Data extraction and synthesis

Effect sizes [i.e., hazard ratios (HR)] indicating treatment effects of these newer antidiabetic medications on primary and secondary cardiovascular outcomes, were extracted from the eligible CVOT (Supplementary Figures 3-7), and converted to statistics including mean logHR and their standard errors [calculated using HR and 95% confidence intervals (95%CI)] for network meta-regressions and meta-analyses[13]. Covariates including percentages of patients receiving the co-treatment with GLP-1RA or SGLT-2I and having baseline prior MI or HF in the placebo and treatment groups, were retrieved from the CVOT of GLP-1RA and SGLT-2I for network meta-regressions (Table 1).

Statistical analysis

A set of Bayesian network meta-analyses were initially performed to compare the cardiovascular outcomes among these antidiabetic medications (including DPP-4I). The between-study heterogeneities were assessed using the I2 and τ2 statistics (Supplementary Figures 3-7). Surface under the cumulative ranking curve (SUCRA) was also calculated for efficacy comparisons.

Furthermore, we conducted multiple Bayesian network meta-regressions to explore the effect modification of GLP-1RA on treatment efficacies of SGLT-2I and vice versa, which is equivalent to answering the main research question of whether the combination treatment of GLP-1RA and SGLT-2I can provide additional cardiovascular benefit. The network meta-regression model was constructed to establish a correlation between the covariate and effect size (i.e., HR) observed in the CVOT. The correlation, namely, effect modification, can be numerically quantified as a coefficient (β)[14]. Given that this statistical model is linear[14], the percentages of patients ever receiving the co-treatment during the CVOT, namely, the postbaseline co-treatment, were incorporated as the covariate. This approach could yield results with more accuracy than those incorporating the baseline co-treatment. HR0/GLP-1RA/SGLT-2IvsPlacebo and HR1/CombinationvsGLP-1RA/SGLT-2I were thus estimated when assigning covariate = 0 or 1, assuming either 0% or 100% patients receiving the co-treatment in the CVOT, and compared with HRNA from the parallel network meta-analyses (indicating the effect size observed from the CVOT with the actual percentages of patients receiving the co-treatment).

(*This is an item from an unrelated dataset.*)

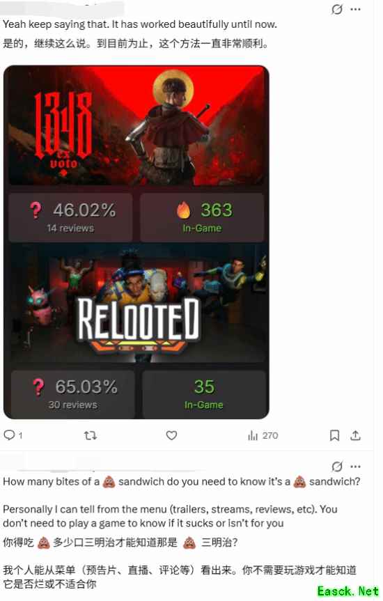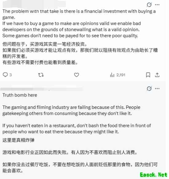 有玩家表示说的有道理,既然没玩过就不要评价,你喜不喜欢不重要。也有玩家表示难道要花费一堆时间和金钱体验一堆垃圾再评价?多劝一些玩家避雷不行吗?
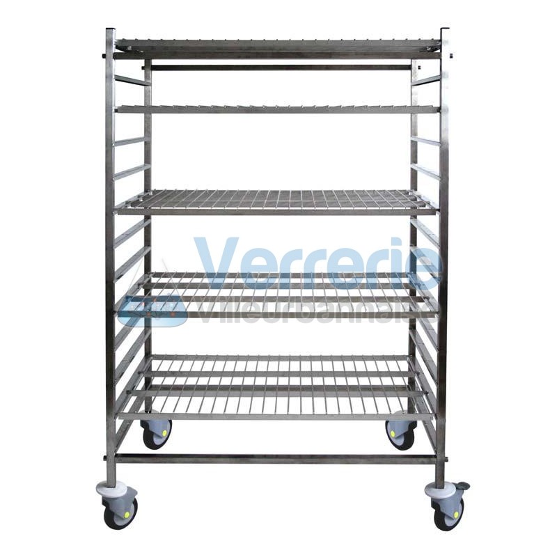 Rayonnages mobiles en inox Dim. 600x1000mm Ht 1100mm + 4 entretoises, sans etagere

Likewise, cardiovascular outcomes of GLP-1RA or SGLT-2I were explored under effect modification of prior cardiovascular diseases. Percentages of patients having baseline MI or HF were incorporated as the covariates. HR0/Disease- and HR1/Disease+, were estimated when assigning covariate = 0 or 1 with the assumption being that either 0% or 100% patients having MI or HF in the CVOT; and compared with HRNA from meta-analyses (indicating the effect size observed from the CVOT with the actual percentages of patients having the co-morbidities).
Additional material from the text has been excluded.